▽

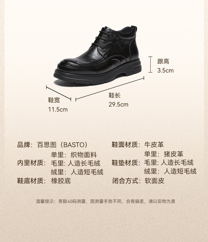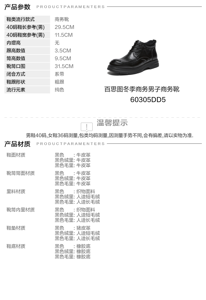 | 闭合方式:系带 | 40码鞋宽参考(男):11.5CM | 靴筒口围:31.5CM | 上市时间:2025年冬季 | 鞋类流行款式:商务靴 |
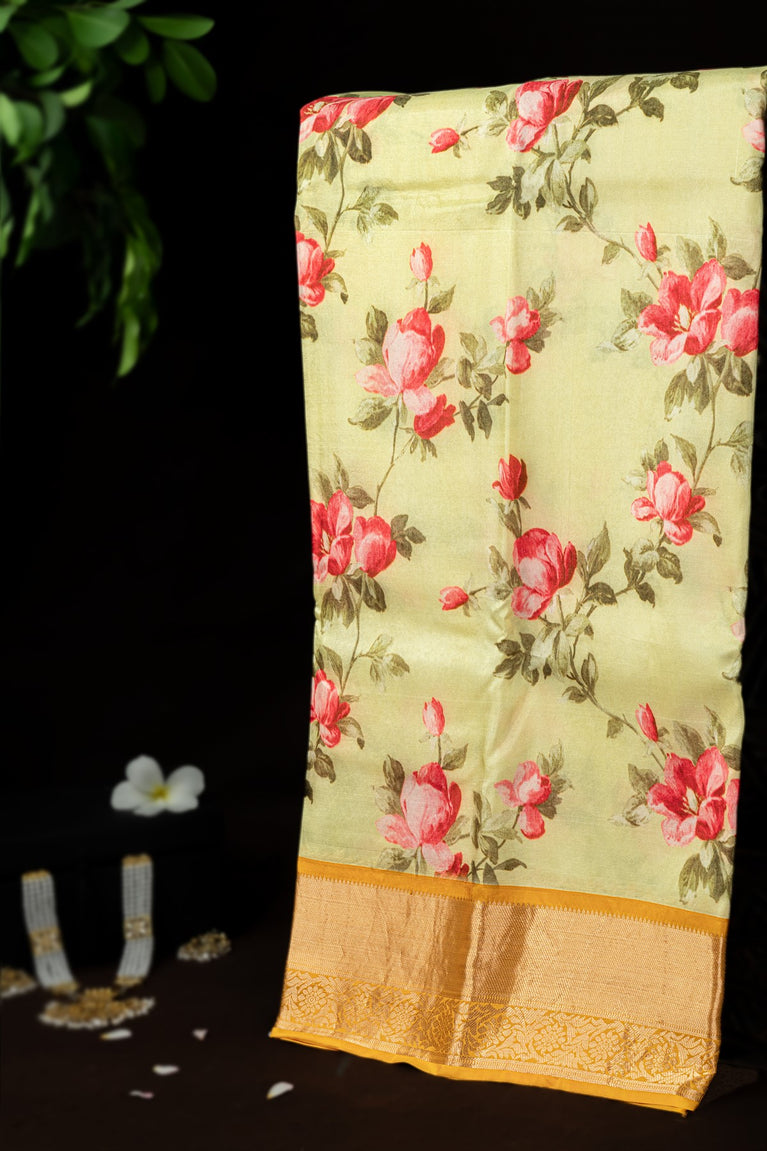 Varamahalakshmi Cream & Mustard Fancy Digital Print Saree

△
▽

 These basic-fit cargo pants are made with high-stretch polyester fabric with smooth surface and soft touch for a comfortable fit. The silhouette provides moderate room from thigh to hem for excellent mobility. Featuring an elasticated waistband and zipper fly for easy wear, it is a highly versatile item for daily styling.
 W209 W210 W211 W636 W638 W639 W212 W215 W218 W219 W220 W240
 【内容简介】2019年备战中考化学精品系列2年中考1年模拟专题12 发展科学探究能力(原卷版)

△

REQUIREMENT. Here the job is to copy the listing above word for word, starting at the line with "上市时间:2025年冬季 | 鞋类流行款式:商务靴 |" and ending at the line with "Varamahalakshmi Cream &", and to leave out the pictures.

RESPONSE BOX.
 | 闭合方式:系带 | 40码鞋宽参考(男):11.5CM | 靴筒口围:31.5CM | 上市时间:2025年冬季 | 鞋类流行款式:商务靴 |
 Varamahalakshmi Cream & Mustard Fancy Digital Print Saree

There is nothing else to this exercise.